"Seni Seviyorum"

2.9K 298 100
                                    

____

"Bazen insanın o kadar çok şeyi vardır ki anlatacak. Sonra bir etrafına, bir de kendine bakıyor... Lakin onca kalabalığın içinde anlatacak hiç kimsesi yoktur!"

________

(16. Bölüm)

Keyifli okumalar.

...

"SENİ SEVİYORUM!"

Ne?

Yok ya sen niye kötü anlıyorsun Enda. Gardaş olarak dedi herhalde.

"Valla bak bende seni seviyorum. İyi çocuksun kanım kaynadı sana, Allah var."

"Enda?"

"Efendim!"

"Enda."

Dedi ve ateş mavisi gözlerini, gözlerime dikti.

"Ben, ben. Sana aşık oldum!"

Ne? Allah'ım ne diyor bu çocuk 'seni seviyorum, 'sana aşık oldum,' diyor.?"

"Rozi, sen az önce ne ne dedin?"

"Duydun beni Enda, artık sensiz yapamıyorum! Kalbim bom boş sen yokken, kendimi çok yalnız hissediyorum. Seni, seni düşündükçe, bilmiyorum aklım uçup gidiyor yaptığım savaşları bile bazen unutuyorum."

"..."

Sakin ol Enda kalp kırma, Sakın...

"Senin o kalbinim boşluğunu ancak imam doldurur: Yalnızlığın ilacı ise Allah azle ve celle ile beraber olmakta. Ayrıca sözlerinde ölçülü ol. Haddini bil! Tek sözünle kırdığın gönlü, bin sözünle toplayamazsın. Ben sana ağabeyinden bahsederken, ağabeyinin dört kış evvel vuruldu ve tekrar bir daha uyanmadı derim. Sense bana hiç olmayacak sözler dersin. Ne demek 'seni seviyorum' hem ben, ben sana hiçbir zaman öyle, öyle şey iyi davranmadım. Ben sana hiçbir zaman başka bir gözle bakmadın sen, sen benim yoldaşımın gardaşısın!" 

Bunları dememle Robi'in gözleri doldu. Yapma şunu be. Bir an sözlerimi beynimde tekrar ettiğim de yanlış bir şey demediğim için bin şükür edip, derin bir nefes aldım. Lakin yine gönül ya işte. O öyle başını eğince yüreğimde bir feryat ahenk etti.

"Ya Robi, bula bula beni mi sevdin! Bak ben bunları duymadım, sende böyle bir şey demedin tamam mı. İmdi kalbini kırmak istemem sen var git yoluna, ben varıp gideyim yoluma."

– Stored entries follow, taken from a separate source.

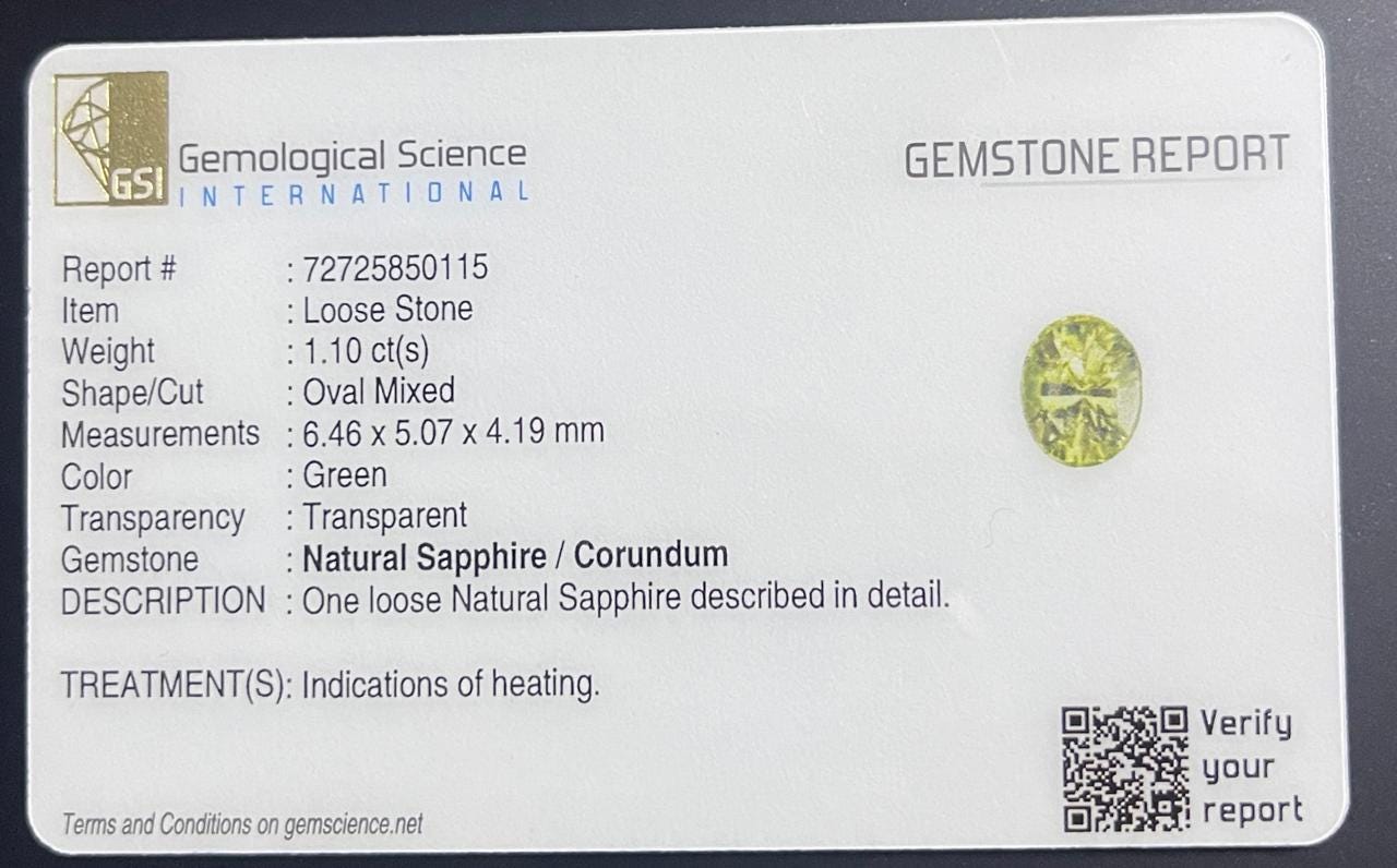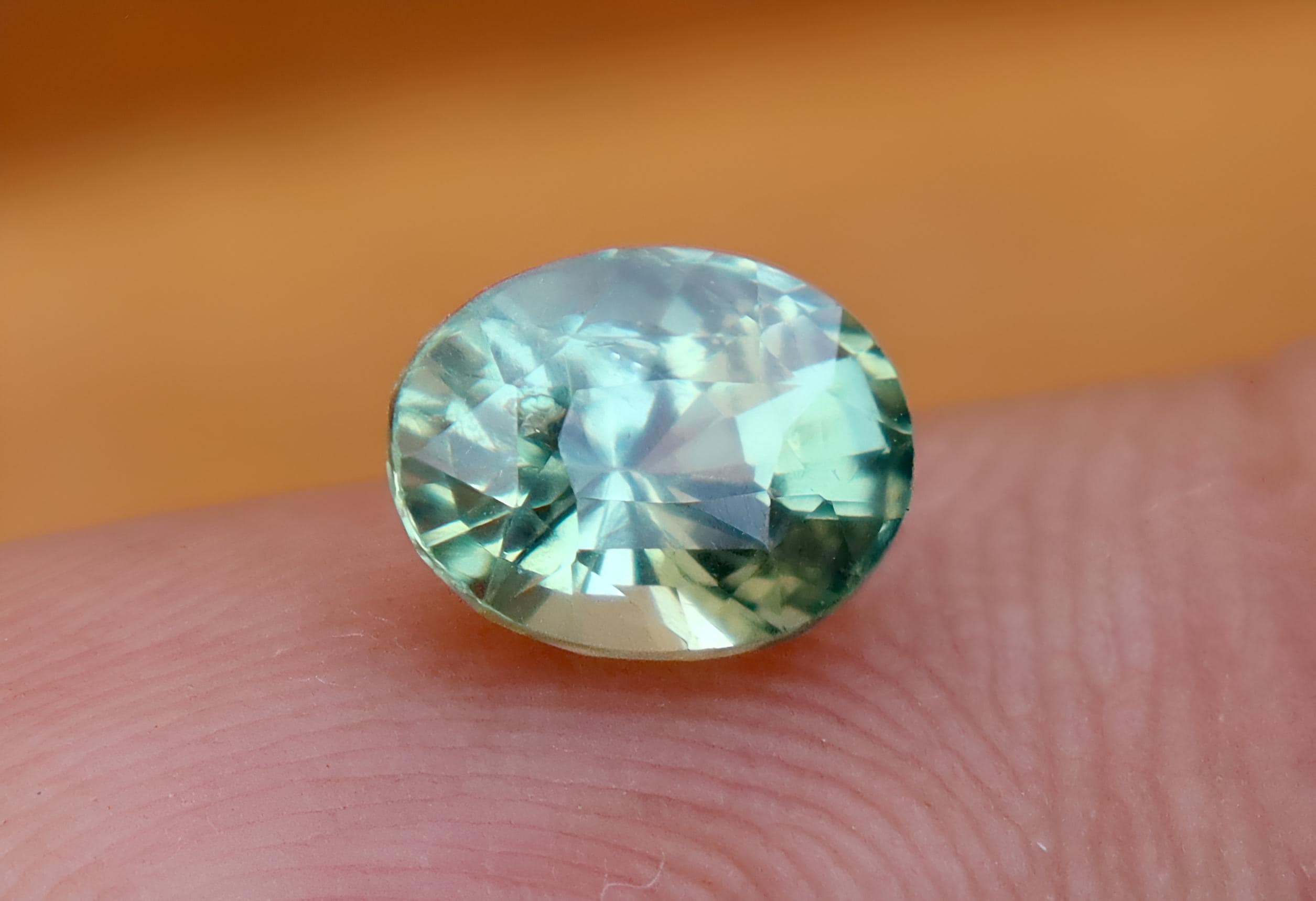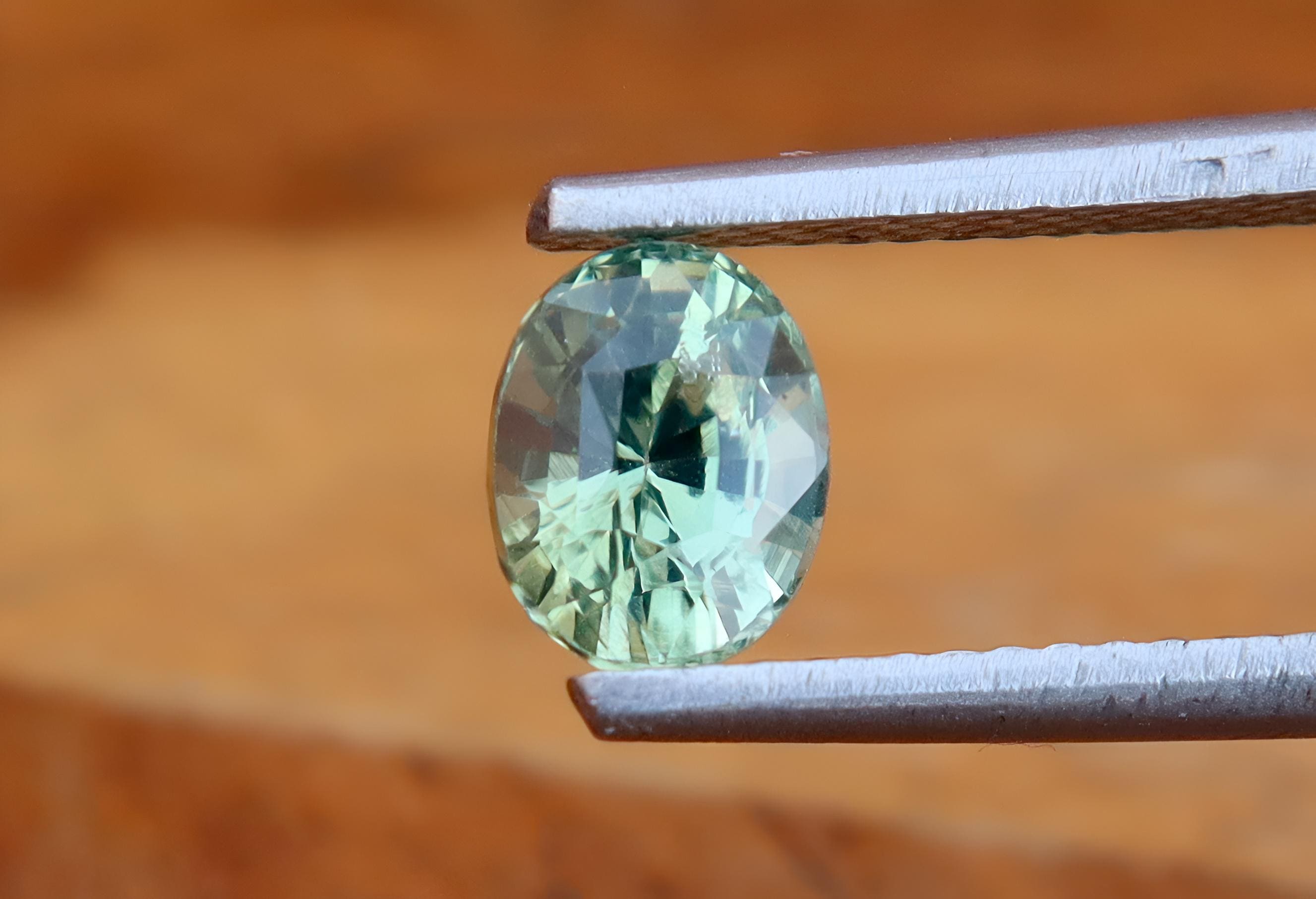 natural green sapphire Oval cut faceted loose gemstone 1.10 carat for jewelry making, september birthstone -
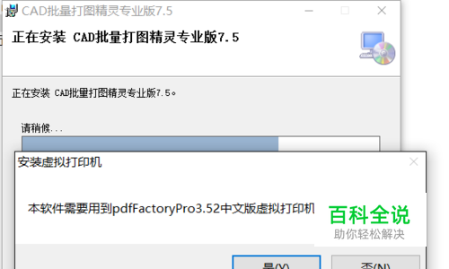 到 yiyunsoftware.com 下载 CAD批量打图精灵 到电脑,运行“Setup.exe”,按步骤安装。 需注意以下几点: 1). 对Win7、Win10等操作系统可能需要以管理员身份运行安装程序。 2). 若您之前没有安装“pdfFactory”虚拟打印机,则安装过程中会提示是否需要安装该打印机,这里我们选择“是”。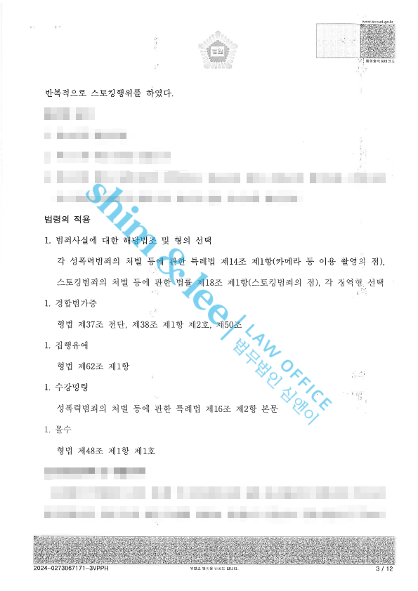 - 가해자는 지속적으로 의뢰인을 스토킹 하고 협박하는 상황으로 앞으로 다시는 스토킹을 반복하지 않도록 의뢰인의 안전을 최우선으로 생각하며 안전장치를 만드는 것에 가장 큰 신경을 썼습니다.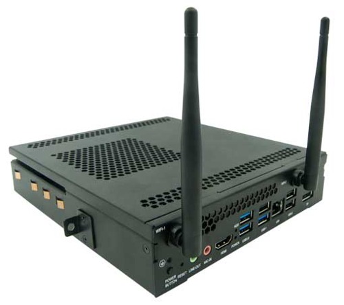 后置接口隱藏在交互平板的左后方,提供了RJ-45等多種類型的接口,可連接展臺、中控,攝像頭等等設備。產品提供了插拔式的OPS接口,用戶可根據(jù)自己的預算選擇不同規(guī)格的OPS。如果交互平板有了OPS,相當于內置了一臺電腦,能夠脫離外接設備直接教學。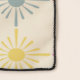Add some style to any outfit with this patterned scarf. Geometric depictions of daisies in muted shades of light blue, dark green, pink, rust orange and yellow are set against a sand or beige colored background for a simple, retro look.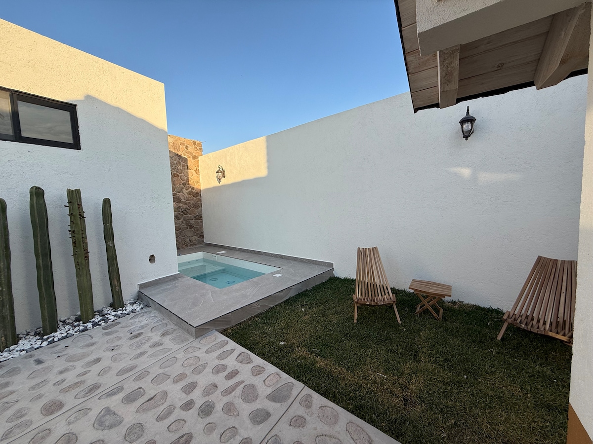 Phumula kule ndawo ethulile nenhle, egcwele impilo nengadi yayo enhle, i-jacuzzi yayo yokuphumula, ithelevishini ekhangayo engu-75-inch egumbini, ukubona amabhayisikobho akho owathandayo nochungechunge. Futhi itholakala kahle kakhulu ukujabulela i-Tequisquiapan kanye nendawo ezungezile ngokugcwele, njengezitolo zayo zikashizi, izivini, ibhaluni lomoya oshisayo, ama-ATV, amahhashi, izindawo zokudlela, amabha kanye nokuvakasha. Qiniseka ukuthi uvakashela i-Peña de Bernal, izimayini ze-opal, njll.

Dedim, dedim lakin bu adam gitti yerine eski Robi'miz döndü. Başını kaldırıp, o saf berrak mavisimsi gözlerinin üstüne, zifiri bir karanlığın inmesiyle bir adım yaklaştı yanıma.

"Sen ahmak mısın.?"

Karanlık gözler, sessiz ve ürpertici ses tonu ve inanılmaz derce de çatılmış kaşarının üstünde beliren damarlar. Yoo korkmuyorum, neden korkayım ki.

"Hayır."

Yani hayır. Bence akıllıyım ya.

"Beni hiç anlamıyorsun dimi?"

"Evet."

"Beni seviyor musun?"

"Hayir, ay hayır."

"Enda. Lütfen?"

"Ne var Robi! Bak bugünden sonra artık benim için sen bittin, diyemem zira bugünden sonra artık yakandan düşemem, 'Seni seviyorum' o ne yahu, öyle bir şey mi varmış. İyice kulaklarını aç ve beni iyi dinle. Benden sana asla yar olmaz! Bu bir. Sen benden nefret dahi etsen, bana işkence de etsen, kovsan, dövsen de ben senin peşini bırakmayacağım. Bu iki. Sen, sen. Sen benim can yoldaşımın, gardaşısın. Senin değil kılına zarar gelsin, sana her kim el kaldırırsa o eli ben kıracağım, sana Kara'nın kızının sözünü veriyorum. Bu da üç. Zira bilirim bu sen değilsin! Sen olmazsın, içinde halen 'ağabey' diye bağıran küçük bir çocuk var. Yapma. Sakın bana yan gözle bakma. Zira ben senin yan gözle bakacağın bir kız değilim. Sen benim yoldaşımın gardaşısın, benim içinde aynı şey. Ağabeyin gözlerini açıncaya dek seni korumak benim vazifem. Boynumun borcu. Zira ağabeyin beni uçan sinekten tut, gece havlayan köpekten bile korurdu, imdi borcumu ödeme sırası bende. Böyle bir yoldaşa nasıl borçlu kalabilirim, bu borç değil lütfen beni yanlış anlama bu benim görevim, en büyük vazifem."